### TASK PROMPT
Word for word, repeat the data that follows. Do not include the pictures.

### GIVEN DATA
┄┄┄┄┄┄┄┄┄┄

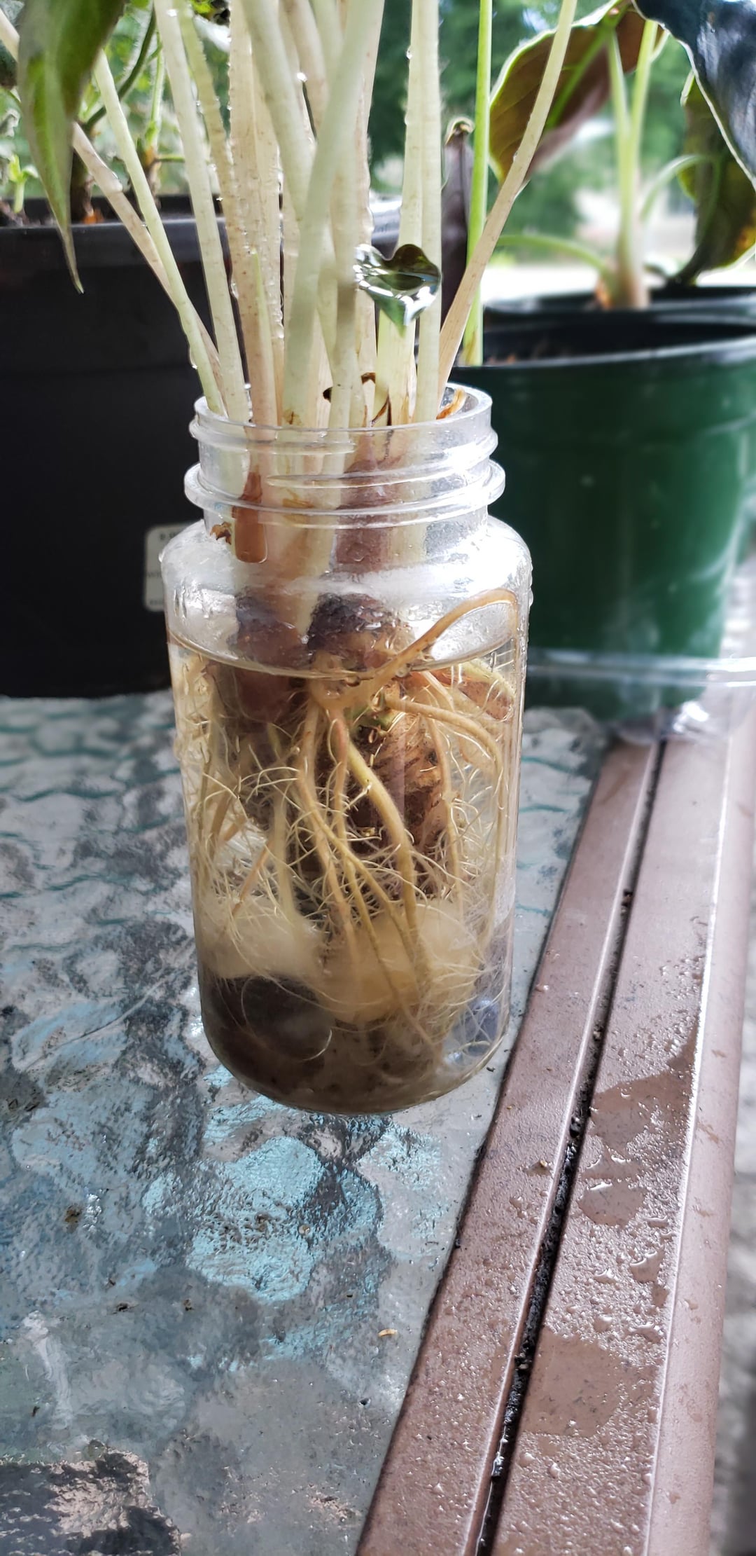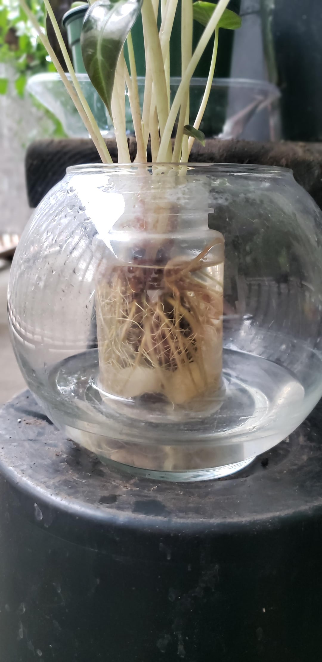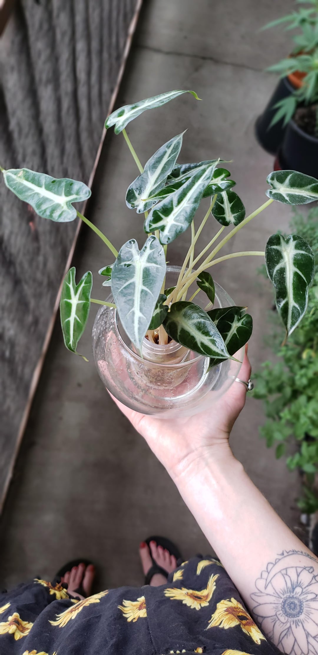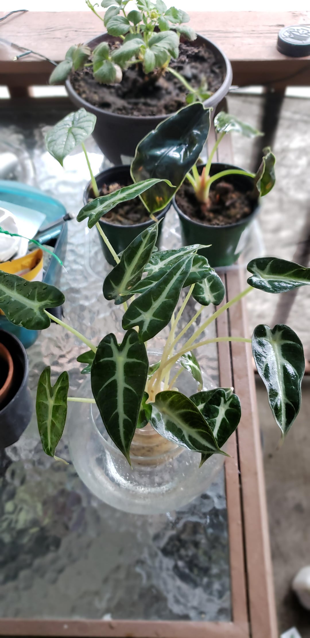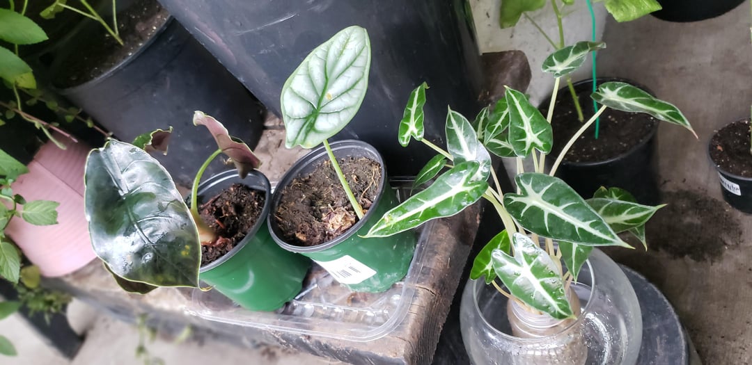 私のアロカシア・シルバー・ドラゴンとアズラニを背景にしておいてください。それについてもアドバイスできると思います。 店で割引価格で購入したシルバードラゴンには新しい芽が出てきていますが、土の配合がとても荒いように見えます
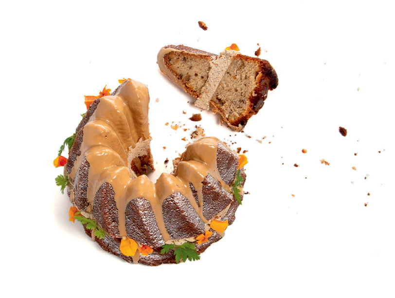 Glacer le cake avec du chocolat au carramel fondu à 45°C.
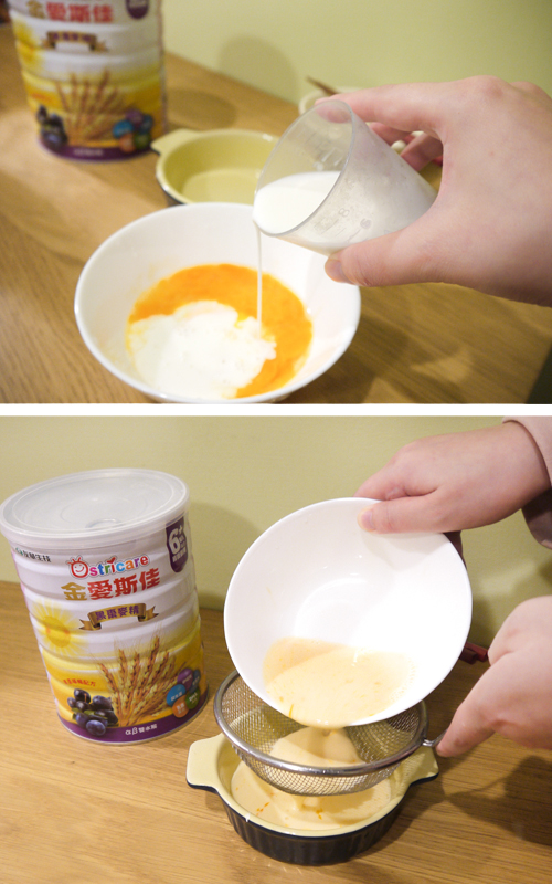把雞蛋打在碗裡並加入50cc的牛奶,因為是寶寶吃的所以加入一點點鹽巴提味就好,倒入篩網過篩可以讓口感更細膩。(也可以省略這步驟)

┄┄┄┄┄┄┄┄┄┄

### SOLUTION FOR THIS TASK
 私のアロカシア・シルバー・ドラゴンとアズラニを背景にしておいてください。それについてもアドバイスできると思います。 店で割引価格で購入したシルバードラゴンには新しい芽が出てきていますが、土の配合がとても荒いように見えます
 Glacer le cake avec du chocolat au carramel fondu à 45°C.
把雞蛋打在碗裡並加入50cc的牛奶,因為是寶寶吃的所以加入一點點鹽巴提味就好,倒入篩網過篩可以讓口感更細膩。(也可以省略這步驟)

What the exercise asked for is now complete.